A multi-criteria logical based approach for optimal planning and assessment of rule-based hybrid load following micro combined heat and power systems

This study presents a logical based approach with constraint programming technique for applying rule-based hybrid strategies in the optimal planning of the micro cogeneration systems. Moreover, in this paper, a novel operation strategy that relied on the comparison of loss of supply probabilities for reducing the dependency on auxiliary systems and minimizing the production of redundant energy in micro cogeneration systems is also introduced. The presented approach is applied to evaluate the effectiveness of five operation strategies namely two basic, two common hybrid and the proposed hybrid strategy under three single optimization criteria for the total annual cost (TAC), primary energy consumption (PEC) and greenhouse gas generation (GHG) as well as one integrated criterion based on Utopia tracking method for the combination of these criteria. Three energy matching parameters are exploited to assess the performance of each strategy in matching the cogenerated energy carriers with the building demand requirements.

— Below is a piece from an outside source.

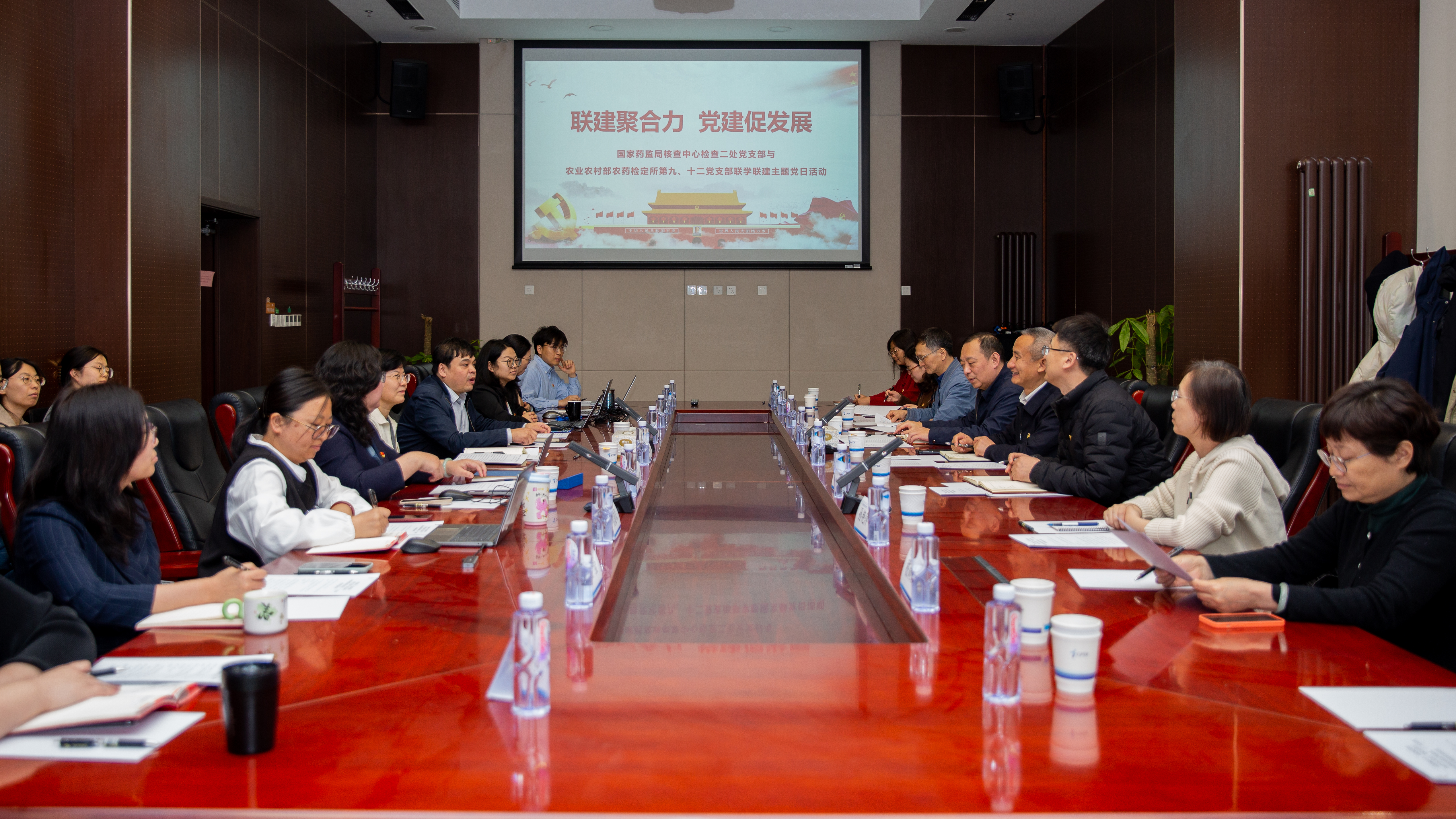 本网讯:为深入贯彻落实习近平总书记关于食品药品安全工作的重要指示批示精神,树立和践行正确政绩观,谋划“十五五”时期农药登记试验单位体系建设,推动我国农药行业高质量发展,农业农村部农药检定所第九、十二党支部与国家药品监督管理局食品药品审核查验中心(以下简称核查中心)第二党支部于2026年2月27日联合举办了“联建聚合力、党建促发展”主题党日活动。农药检定所党委书记、所长黄修柱同志,党委委员、副所长宗伏霖同志,核查中心党委书记、主任李芳同志,党委委员、副主任崔浩同志以及双方党员与技术骨干30余人参加活动。

The analysis of the obtained results for four types of residential buildings indicates that the common hybrid strategy which maximizes the exploitation of cogeneration system, and the proposed strategy as the most suitable strategies for integrated criterion have been able to achieve the best compromise solutions with over 55%, 14% and 9% reductions in TAC, PEC and GHG respectively. While the proposed strategy can achieve higher reductions for TAC (up to 4.6%) as well as higher overall performance for energy matching (up to 2.5%) with the same limitations bounds for GHG and PEC in comparison to this common hybrid strategy. By analyzing the model uncertainties, the feed-in tariff for power generation with near 60% decrement in TAC is found as the most dominant economic parameter for sensitivity analysis while the capacity of the micro cogeneration unit with over 3% increment is detected as the most affected outcome for stochastic analysis.

Automated summary

This study introduces a logical based approach with constraint programming technique to apply rule-based hybrid strategies in optimal planning of micro cogeneration systems. Five operation strategies are evaluated under three optimization criteria, resulting in the common hybrid strategy and the proposed strategy as the most suitable for integrated criterion with significant reductions in total annual cost, primary energy consumption, and greenhouse gas generation. The proposed strategy achieves higher reductions in total annual cost and overall performance for energy matching compared to the common hybrid strategy. Sensitivity analysis reveals the feed-in tariff for power generation as the most dominant economic parameter, while stochastic analysis shows the capacity of the micro cogeneration unit as the most affected outcome.